Another group with superior staying power were the Pinks (Dianthus) that are hardy in Zones 4 to 8. My favorites are ‘Pixie’ (pink with dark pink accents and a dark rose ring around the throat), ‘Firewitch’ (magenta), ‘Bath’s Pink’ (soft pink) and ‘Mountain Mist’ (smoky pink). A new cultivar called ‘Rosish One’, from the brilliant lifework of the Fleming Brothers, joins these exceptional drought and heat resistant varieties. ’Rosish One’ produces multi-layered flowers of mottled velvety dark rose with petal edges delicately traced in white.

Let’s not forget the Yarrow (Achillea) that held its ground – ‘Anthea’. Hardy to Zones 4 to 8, it looked a little peaked, but I cut it back and as soon as the rain started it began to freely reflower right into fall. I love the beautiful sulphur-colored yellow flowers, lovely dissected gray foliage and erect stems. Another good plant that held its ground (excuse the bad pun) was Perovskia atriplicifolia, the indomitable Russian Sage. Hardy to Zones 5 to 9, it never faltered. All of the cultivars performed admirably. They just kept on flowering regardless of the weather conditions.

The later flowering plants bloomed as they normally do in fall, although some flowered shorter than usual. Among these were Bolton’s Aster (Boltonia asteroids) ‘Snowbank’ (white), Goldenrods (Solidago species) and a variety of Asters, including ‘Flora’s Delight’ (lilac pink), ‘Purple Dome’ (purple), ‘Woods Pink’ (pale pink) and ‘Blue Bird’ (soft blue)..

Siberian Iris, Daylilies, Lilies, Ornamental summer-flowering Onions (Alliums) also remained unscathed.
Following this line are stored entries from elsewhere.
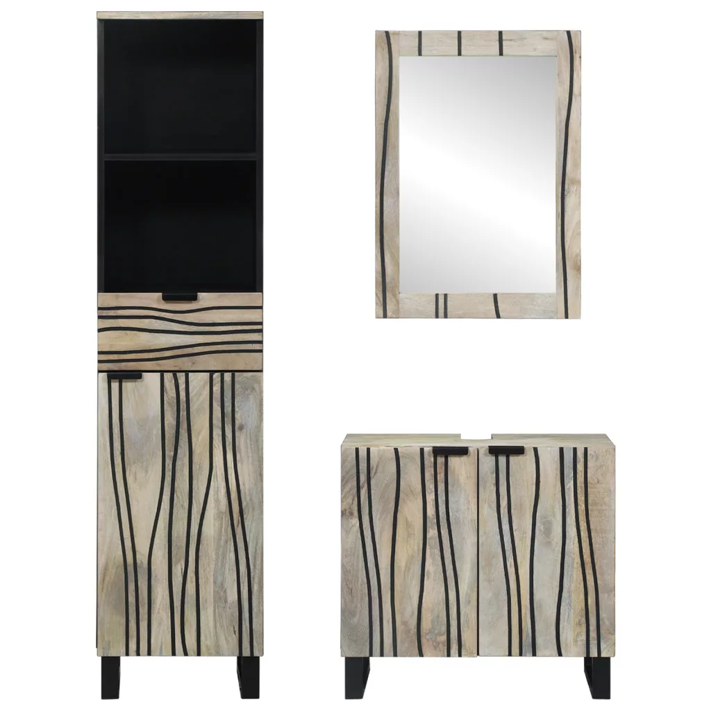 A szállítás tartalma: 1 x Mosdószekrény, 1 x Tükörszekrény, 1 x Fürdőszobai szekrény<\li>
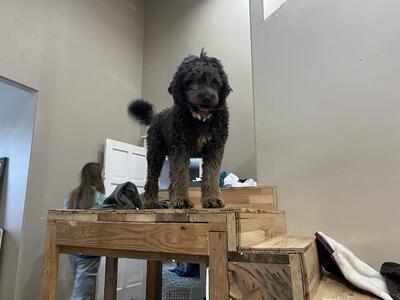 10 months old female Sheepadoodle puppy. She has 3 sets of shots. Up to date on rabies shot. I can d...
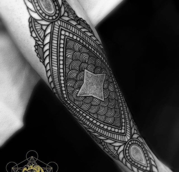 手臂上精美的黑色装饰风格曼陀罗纹身图案来自柯克
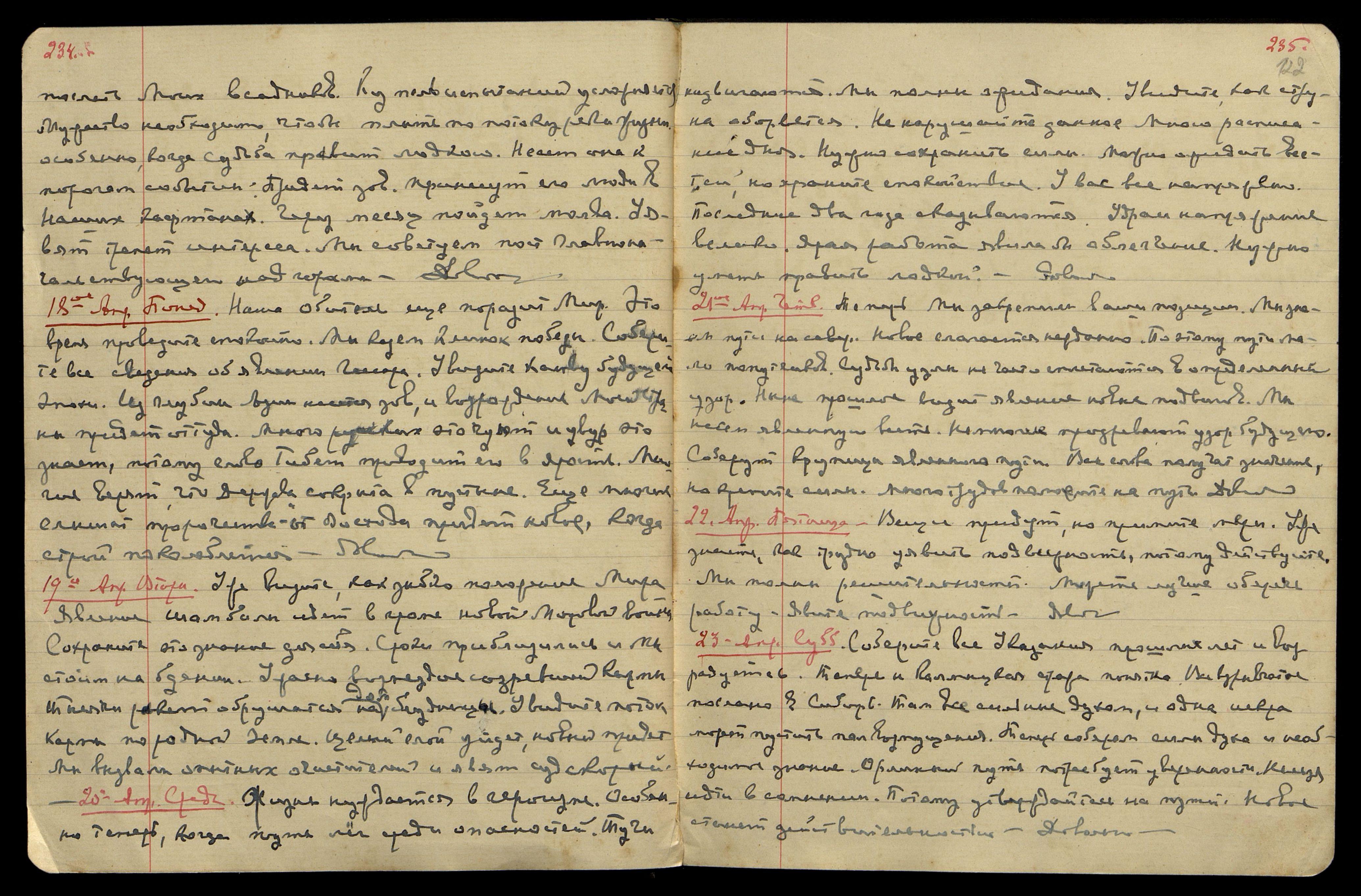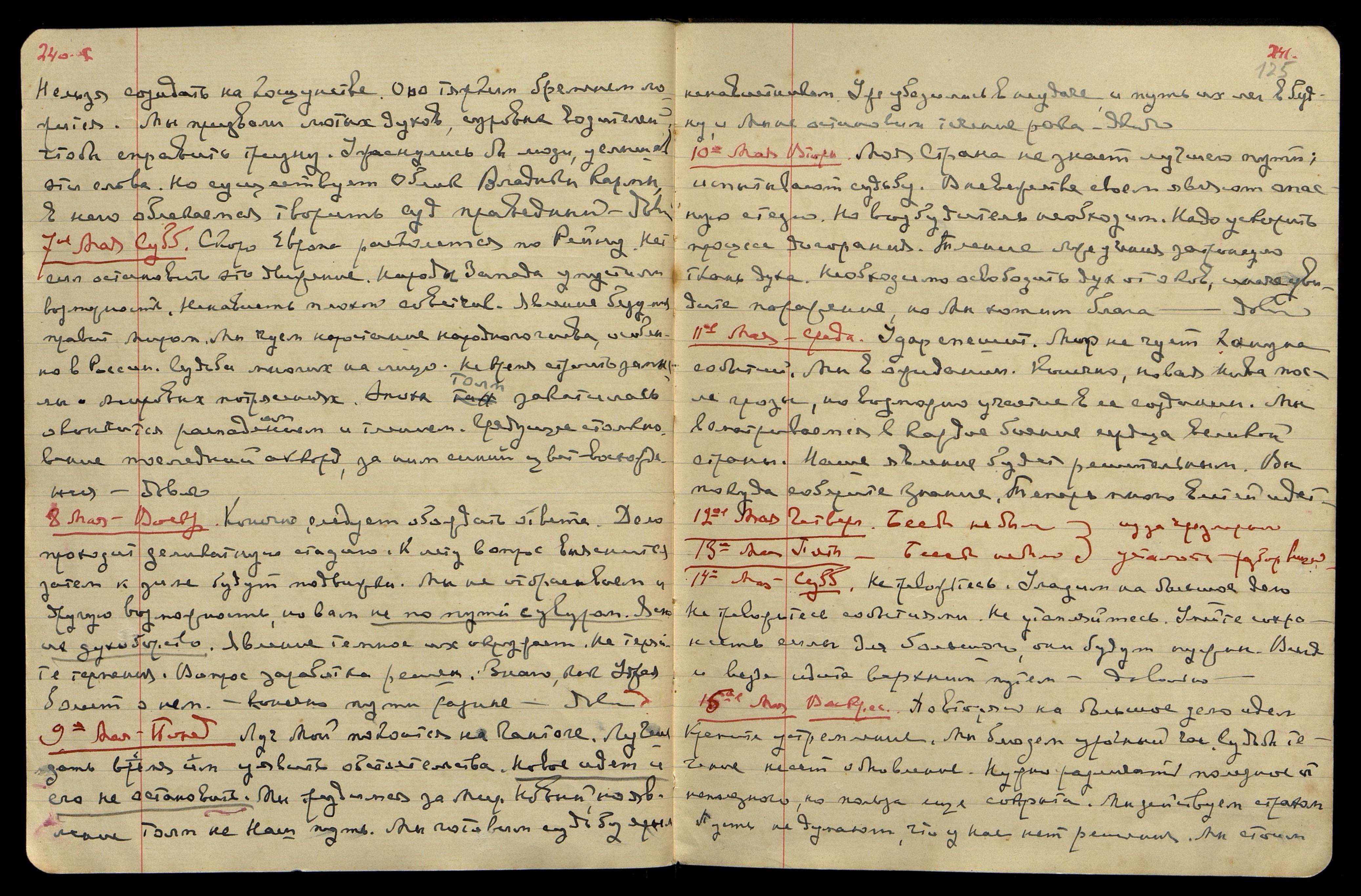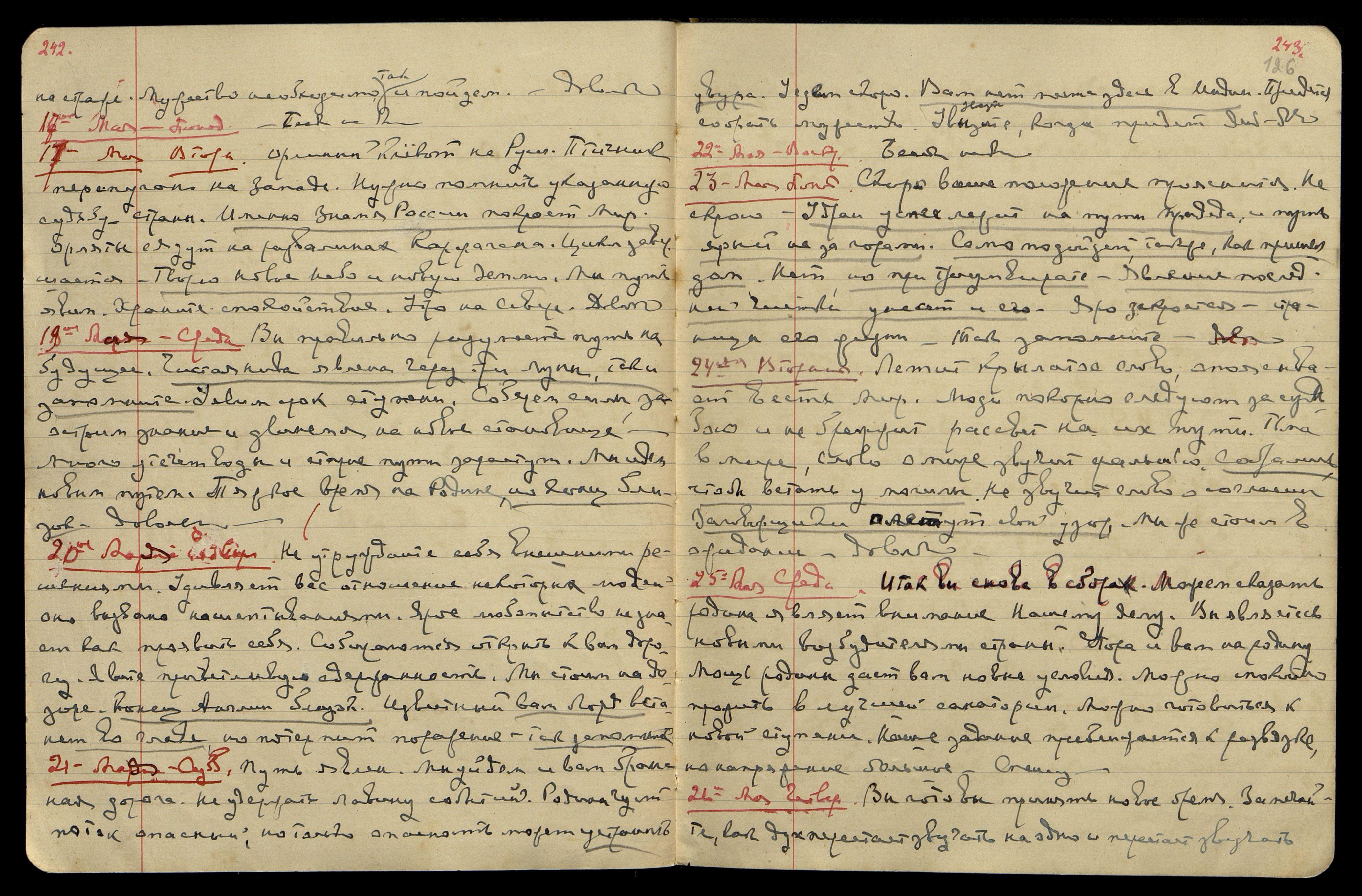 18-е мая. Среда. Вы правильно разумеете путь на будущее. Чистая нива явлена через три луны, так и запомните. Уявим срок ступени. Соберем силы, заострим знание и двинемся на новое становище. Много утечет воды, и старые пути зарастут. Мы идем новым путем. Тяжкое время на Родине, но конец близок. Довольно.

Another group of plants that defied the weather were the Red Hot Pokers (Kniphofia) that are Hardy in Zones 5 to 9. Outstanding cultivars were ‘Bressingham Comet’, ‘Cobra’ and ‘Shining Sceptre’. These are very durable hot weather plants. They seemed not to notice the mortality rate of their fellow comrades, which were stressed out, or disappearing.

The stalwart natives were Purple Coneflower (Echinacea purpurea) ‘Magnus’ and ‘Ruby Star’, Black-Eyed Susan (Rudbeckia species) ‘Goldsturm’ and ‘Viette’s Little Suzy’, and a marvelous new Helen’s Flower (Helenium) ‘Mardi Gras’. This new cultivar (Zones 4 to 8) flowers from midsummer to August and lights up the garden with its multicolored blooms. It has yellow petals splashed with orange red surrounding a deep brown cone – a truly psychedelic fantasy. Don’t forget about Tickseed (Coreopsis) that hung in there in Zones 4 to 8. ‘Golden Gain’ never fails, as do its two newer and colorful companions ‘Sweet Dreams’ (two-tone white and raspberry) and ‘Limerock Ruby’ (ruby red). All of these combined well with Ornamental Grasses to keep the summer garden colorful and full. Many times we are looking for exotic and unusual for the garden, but a lot of these stalwarts saved the day.
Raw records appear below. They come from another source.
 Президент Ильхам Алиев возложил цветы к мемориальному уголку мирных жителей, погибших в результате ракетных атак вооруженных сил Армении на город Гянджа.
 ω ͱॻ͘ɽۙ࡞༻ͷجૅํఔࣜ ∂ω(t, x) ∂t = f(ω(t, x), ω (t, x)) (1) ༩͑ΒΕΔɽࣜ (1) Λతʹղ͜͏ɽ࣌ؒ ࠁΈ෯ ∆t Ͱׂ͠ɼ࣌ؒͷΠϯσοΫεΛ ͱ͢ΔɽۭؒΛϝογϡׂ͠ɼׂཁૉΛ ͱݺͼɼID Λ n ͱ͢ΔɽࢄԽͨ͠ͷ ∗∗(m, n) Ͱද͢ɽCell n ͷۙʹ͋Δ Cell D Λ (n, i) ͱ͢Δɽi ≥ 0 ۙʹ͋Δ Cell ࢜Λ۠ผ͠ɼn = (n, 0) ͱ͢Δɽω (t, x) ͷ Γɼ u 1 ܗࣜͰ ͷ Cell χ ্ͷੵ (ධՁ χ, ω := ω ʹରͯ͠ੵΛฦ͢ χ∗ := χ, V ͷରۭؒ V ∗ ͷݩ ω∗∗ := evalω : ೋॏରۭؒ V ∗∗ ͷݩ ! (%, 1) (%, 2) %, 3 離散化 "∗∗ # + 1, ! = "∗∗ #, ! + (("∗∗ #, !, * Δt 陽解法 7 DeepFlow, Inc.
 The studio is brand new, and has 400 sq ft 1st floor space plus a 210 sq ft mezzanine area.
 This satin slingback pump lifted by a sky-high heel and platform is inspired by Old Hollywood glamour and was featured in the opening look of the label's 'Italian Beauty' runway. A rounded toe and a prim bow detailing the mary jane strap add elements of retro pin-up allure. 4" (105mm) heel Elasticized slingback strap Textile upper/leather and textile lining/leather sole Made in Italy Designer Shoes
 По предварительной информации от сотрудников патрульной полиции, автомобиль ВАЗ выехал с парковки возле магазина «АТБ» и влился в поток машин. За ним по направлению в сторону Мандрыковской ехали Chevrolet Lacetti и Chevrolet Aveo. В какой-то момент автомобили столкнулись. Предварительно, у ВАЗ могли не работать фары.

The plants that died were interred with dignity. As a true garden fanatic I can now look at all the empty spaces and contemplate all of my new additions for next year. Even a drought has some rewards!
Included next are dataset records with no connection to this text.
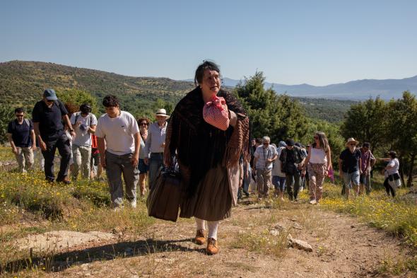 "¡Guarden esa bandera, guarden esa bandera! Estoy buscando a mi marido. Miren, esta es mi niña: Lucía. La está criando mi madre porque yo estoy aquí cerca de mi Esteban, que si no se muere. Quiero encontrarlo, pero no me dejan verle; me dicen que no está, pero yo sé que sí, que se fue al Tajo y está en la enfermería. Aquí, con el calor y las flores, ustedes piensan que esto es un parque temático, pero no es así; aquí hay dolor, piedra, memoria y olvido sobre olvido. He venido hoy a contarles el campo republicano como la bandera que les he pedido esconder, miren, cuando éramos felices". El llanto de Balbina del pasado jueves —una de las actrices que trabaja en la obra teatral Libertas— encogía el corazón de todos los presentes en el Destacamento penal filial de Garganta de los Montes, en Lozoyuela, situado en la sierra de Madrid.
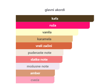 - Srednje: Pržena zrna kafe, Francuska ruža, Drvene note
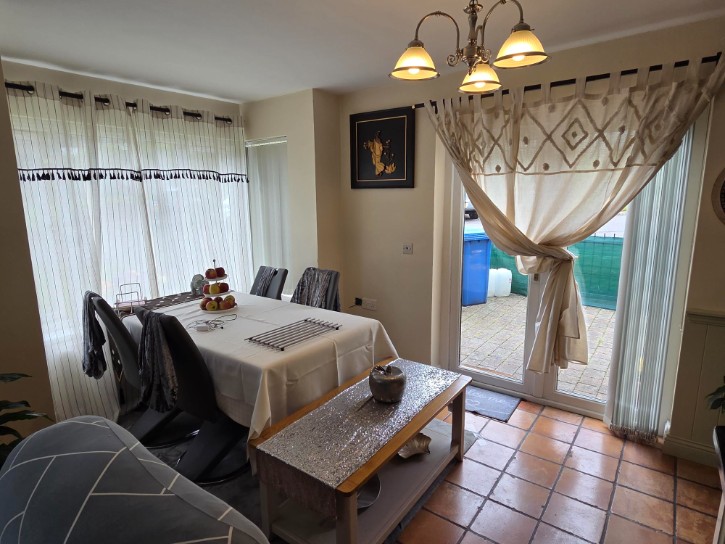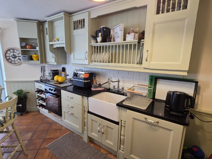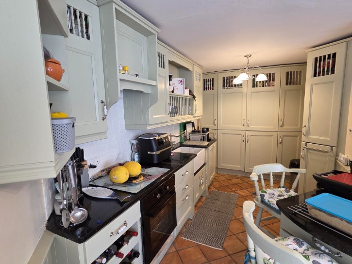 Range of high and low level units, single drainer ceramic sink, tile flooring, single radiator, Patio doors
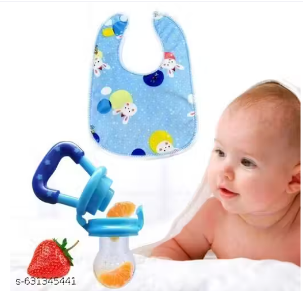 Make mealtime safe, fun, and mess-free with this Baby Feeding Set, which includes a convenient fruit feeder and a soft baby bib. The fruit feeder allows your little one to enjoy fresh fruits safely while soothing their gums, and the bib keeps clothes clean during feeding.
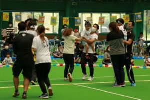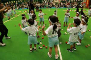 音楽が鳴ったらダンス、音楽が止まったら玉入れのシンプルな競技。ダンス好きの子どもたちが輝く瞬間です笑

Stephanie Cohen is Adjunct Professor at Temple University, Dept. of Landscape Architecture & Horticulture, Ambler Campus, 20 years; Mid-Atlantic representative of the Perennial Plant Association; and her articles have been featured in leading consumer and gardening publications. She received the Garden Communicator Award of the Year in 2000 from the American Nursery Landscape Association.